Jesus’ prayer, “Father, forgive them for they do not know what they are doing,” has on many occasions helped me move toward forgiving others. When I am offended my natural instinct is to write the offender off. I want to build a long legal defense against them and seal it, case closed. William Ward summed it up well: “We are most like beasts when we kill. We are most like men when we judge. We are most like God when we forgive.”
Jesus’ prayer looked beyond the individual offense and considered the heart, the soul and the need of the offender. People who pour out anger are usually the ones who have had it poured out upon them. Gossiping souls have usually been exposed to a steady diet of gossip. This doesn’t make it right, but it does bring something essential to forgiveness: A new perspective; one that looks right through the offense and into the heart of the offender. As Archibald Hart says, “Forgiveness is surrendering my right to hurt you for hurting me.”
The nail of mystery
Jesus spent the last three hours on the cross in absolute darkness. When Jesus asked the question of his Heavenly Father—“My God, My God, why have you forsaken me?”—we never read of him receiving an answer.
Questions fill our lives, questions for which we often struggle to find answers: What is the reason for this obstacle in my way? Why did I get laid off from work? Why hasn’t my prayer been answered yet?
The reason is mystery. In the Information Age, one of the most difficult things for us to accept is that we don’t have all of the answers. God possesses something we do not—omniscience. He knows everything about you and me, from the first chapter to the last.

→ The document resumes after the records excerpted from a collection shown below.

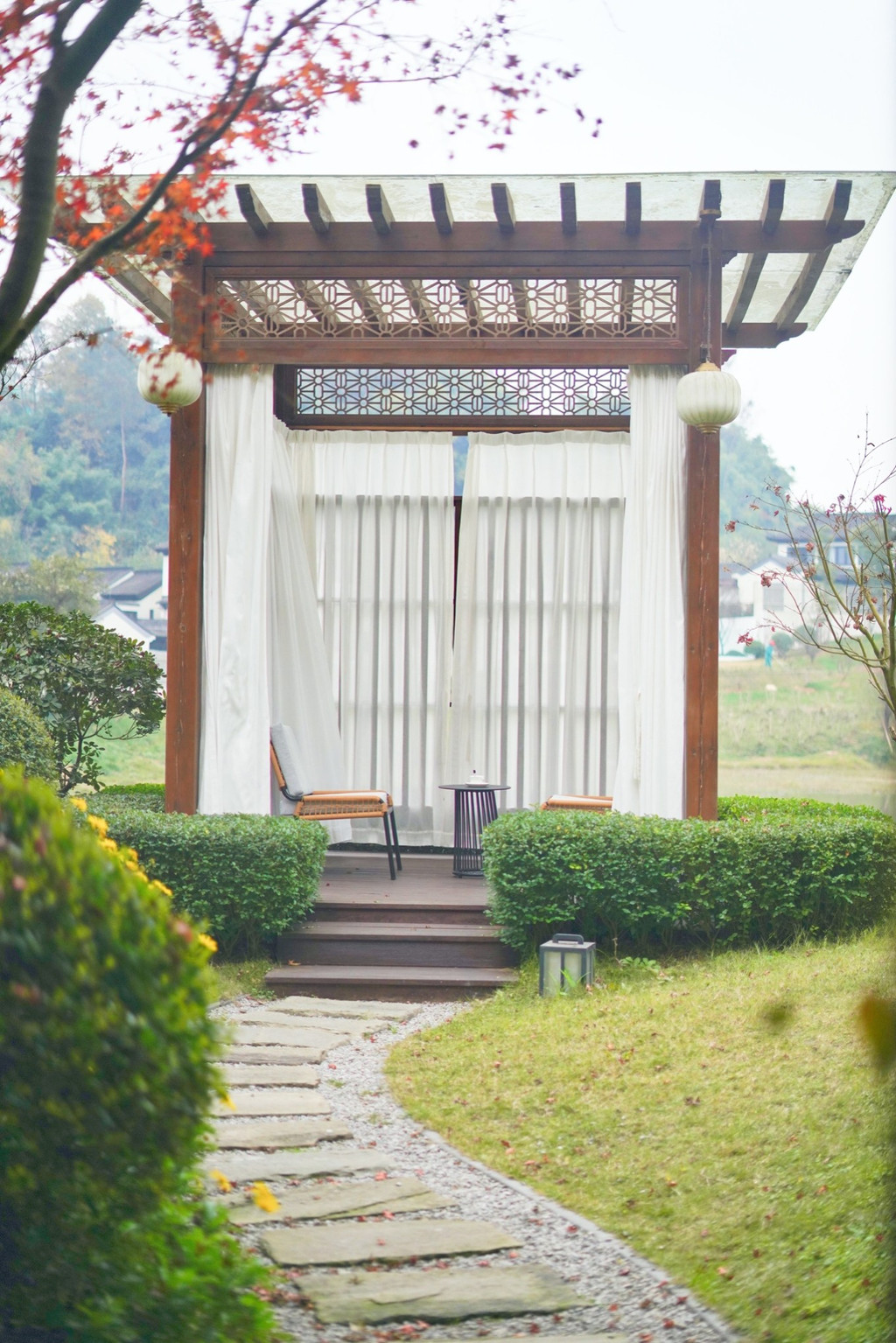 当然木莲庄酒店的私密庭院,同样让我为之着迷。试问谁没有一个屋后自带小花园的旅居梦想呢?在庭院就是里红枫树迎风摇曳,花园里的月季竞相绽放,院子之外就是宽阔的草湖。一半草海,一半碧波。水波微漾的湖面上有三两只黑天鹅遨游其中,整个草湖顿时显得愈发灵动。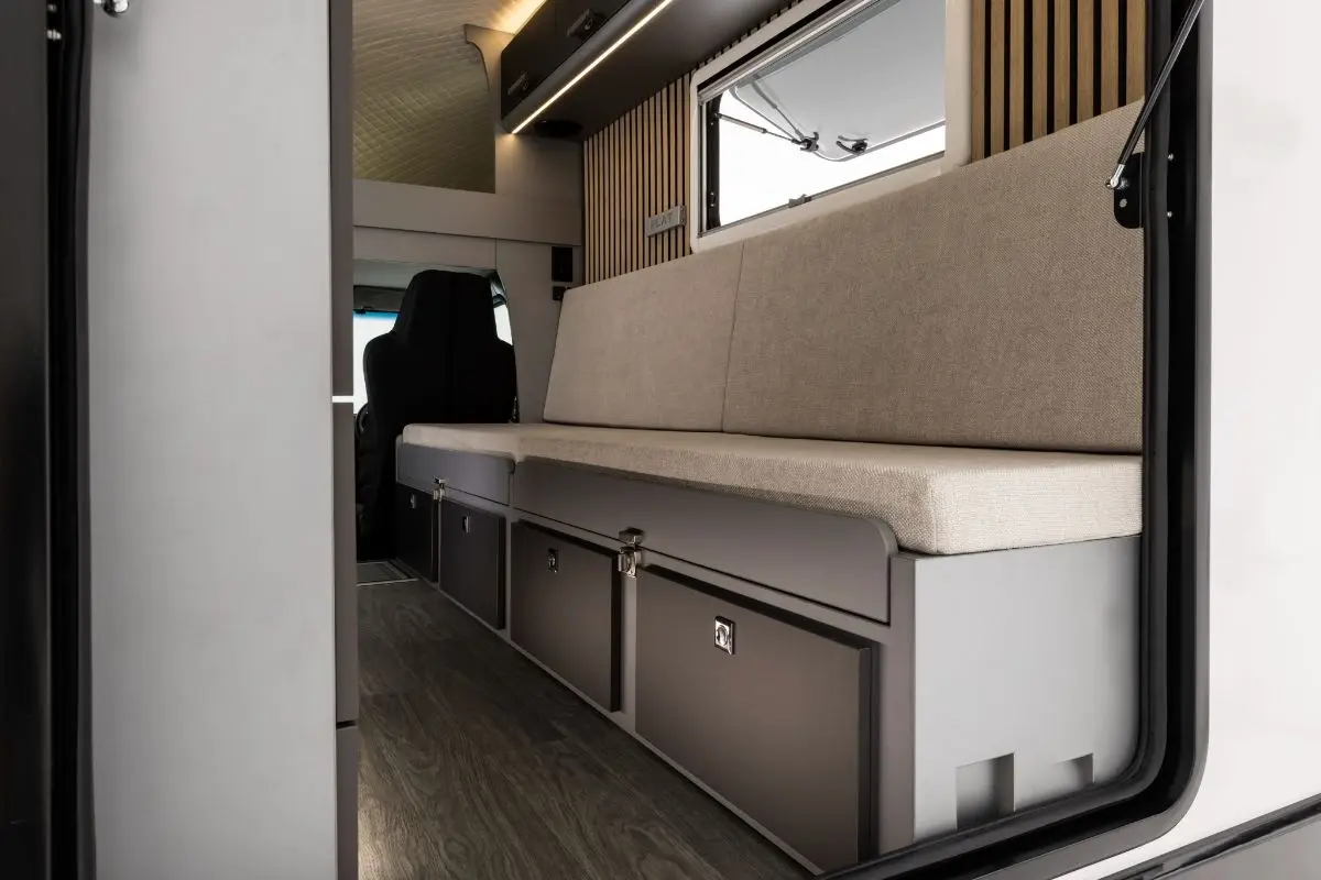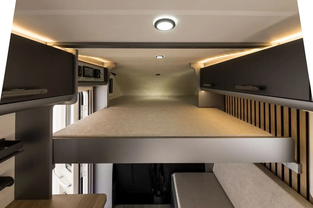 引き出しタイプのバンクベッドを搭載。コンパクトなサイズの車内でも、しっかりと就寝スペースを確保。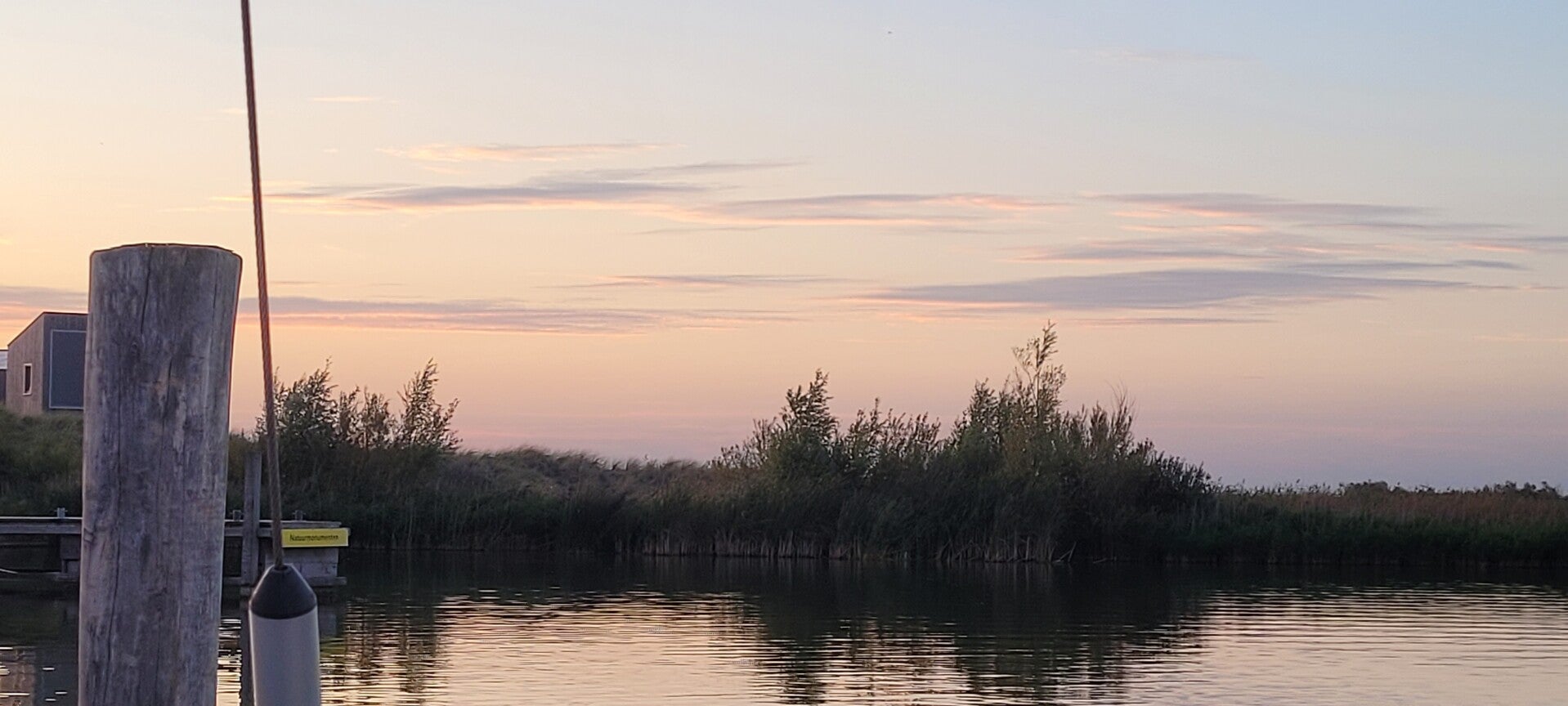 We hebben meteen een gezellig praatje met onze buren van zeilboot Staron. Even verhalen uitwisselen over verre tochten. Vervolgens zitten we even lekker in het zonnetje met een glaasje Küstennebel (want dat hadden we verdiend, toch?). Tijd om nog voor de zon ondergaat een wandeling te maken is er niet echt meer, maar we kunnen wel nog net lekker buiten eten in de kuip en van de laatste zonnestralen genieten.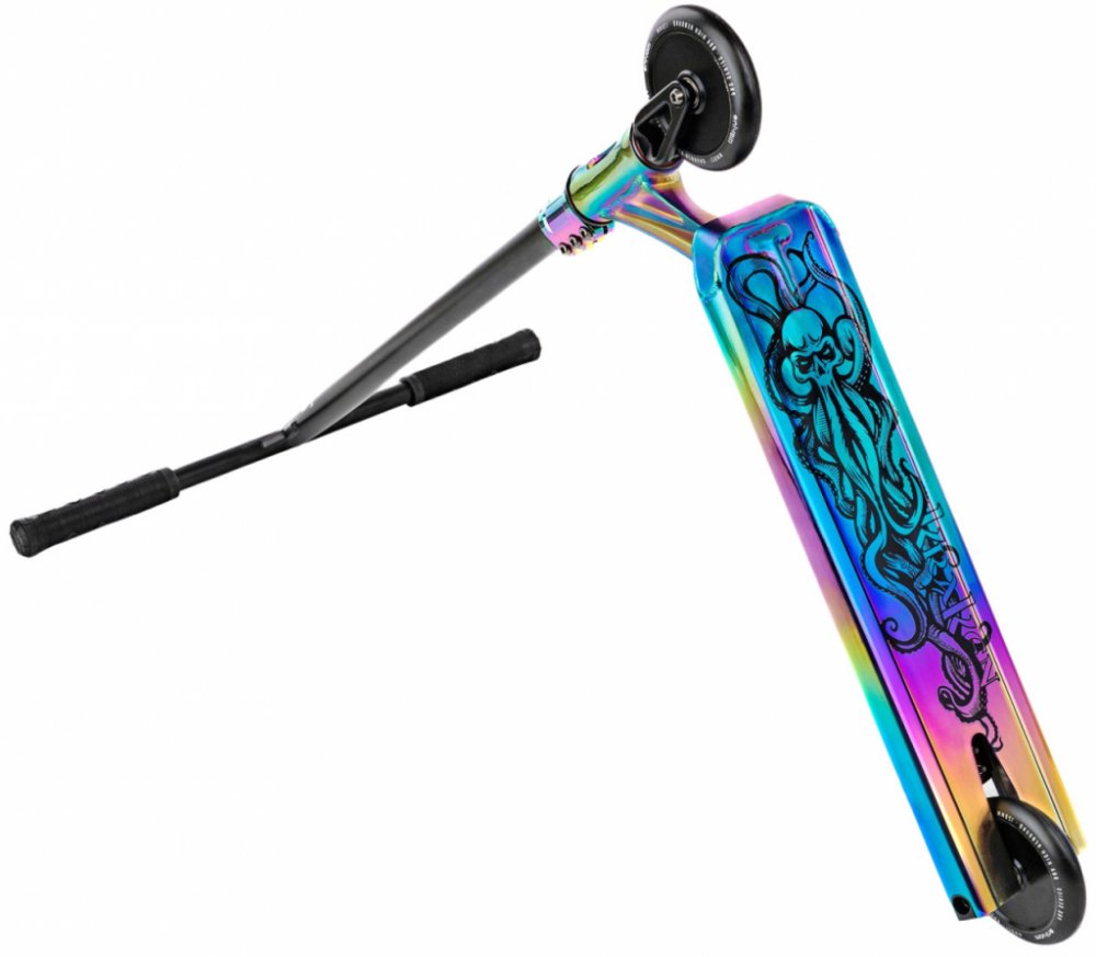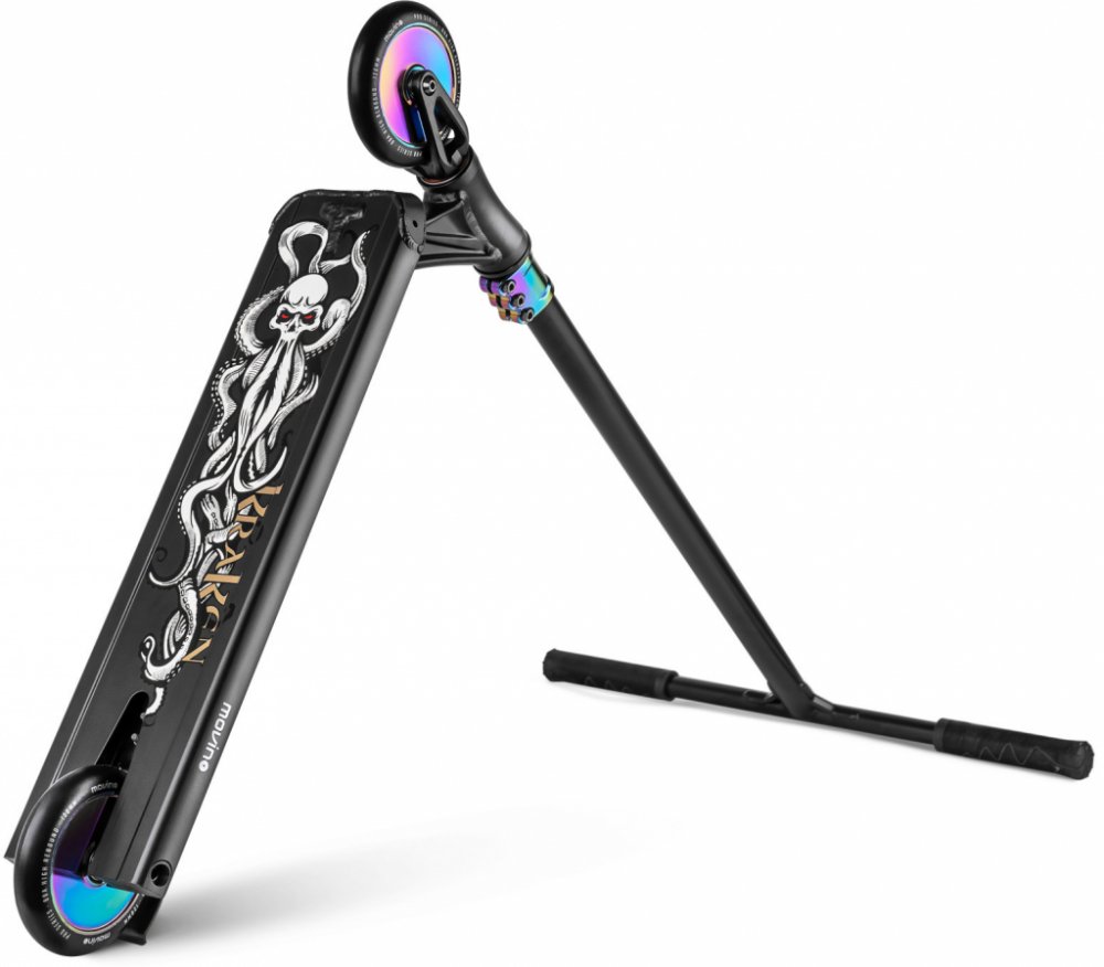 Perfektní triky, stylové skoky a parádní jízda - pro freestyle koloběžku Movino lehké jak facka. Hned pro začátek je dobrou zprávou její přizpůsobení pro děti, vaše ratolesti tak perfektně dosáhnout jak na řídítka, tak i například na brzdy. Maximální hmotnost jezdce by měla být 100 kg. Rám freestyle koloběžky Movino Kräken Neochrome velice lehkého hliníku, přičemž její celková hmotnost dosahuje 3,...
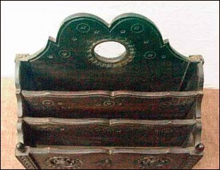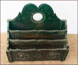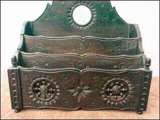 Letter holder in solid chestnut all hand carving made around Quimper in 1920. Good condition only 2 barleycorns on the top are missing. 9"1/2 tall 9"7/8 width 4"1/2 depth.
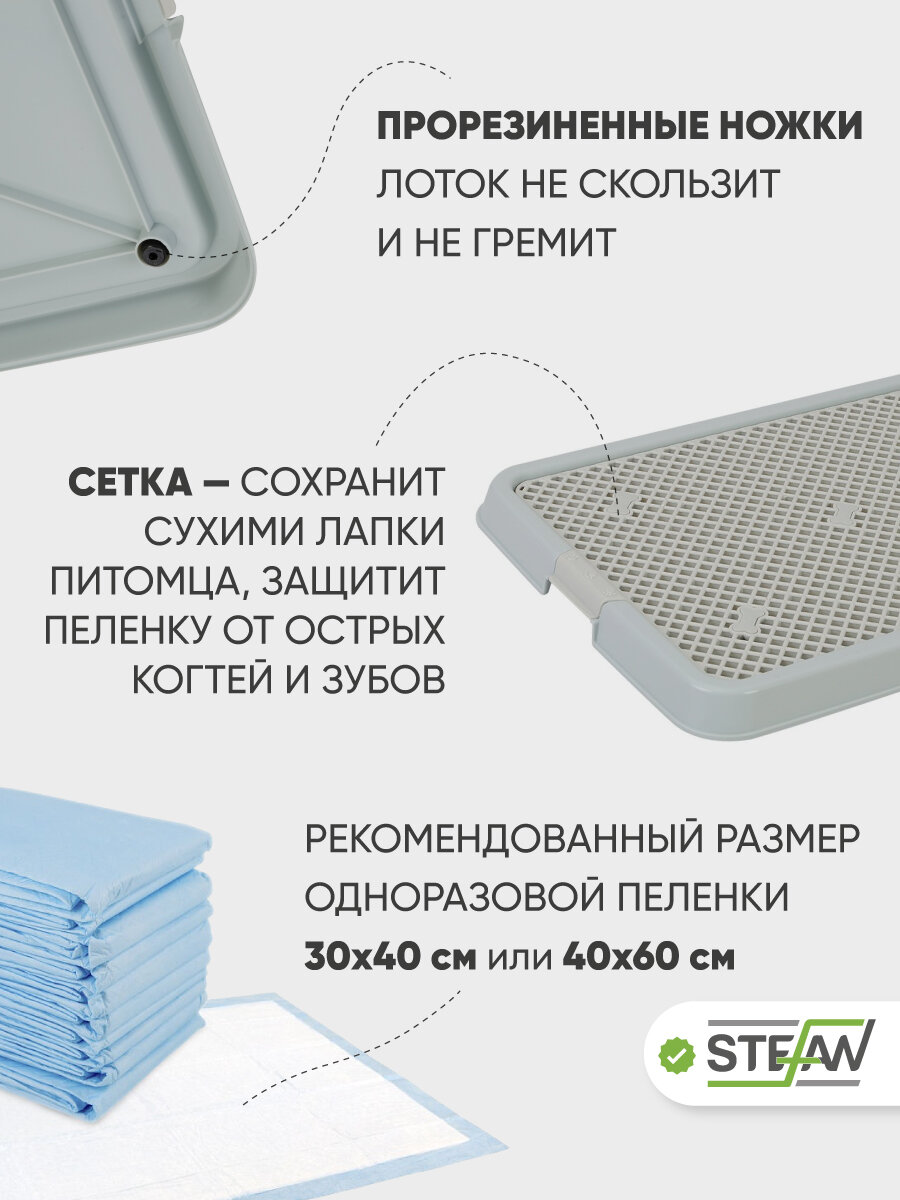 Лоток для собак с сеткой STEFAN (Штефан) под пеленку (S) 50х38х3,5см, серо-голубой, BP1305NG: сравнение цен, характеристики, фото, актуальное наличие и цены.

We do not know if Jesus ever received an answer from the Father for his haunting question. There is something perhaps more significant, however. At the darkest hours of the cross, when Jesus felt alone and without God in this world, he had fully and finally found himself identified with mankind in all of humanity’s lostness, loneliness and separation from God.
God never rebuked Jesus for expressing his anguish of soul, or for asking such a question. Jesus struggled on the cross, but his struggle was toward God and not away from him; there is no sin in that. Sometimes the challenges and “crosses” of our lives raise questions that haunt us to the core. But Jesus knew the secret to navigating the mysteries (and hardships) of life—trust. He looked beyond the present crisis and trusted in a Father who can use everything in our lives—the blessings and the struggles—to work his greater purpose.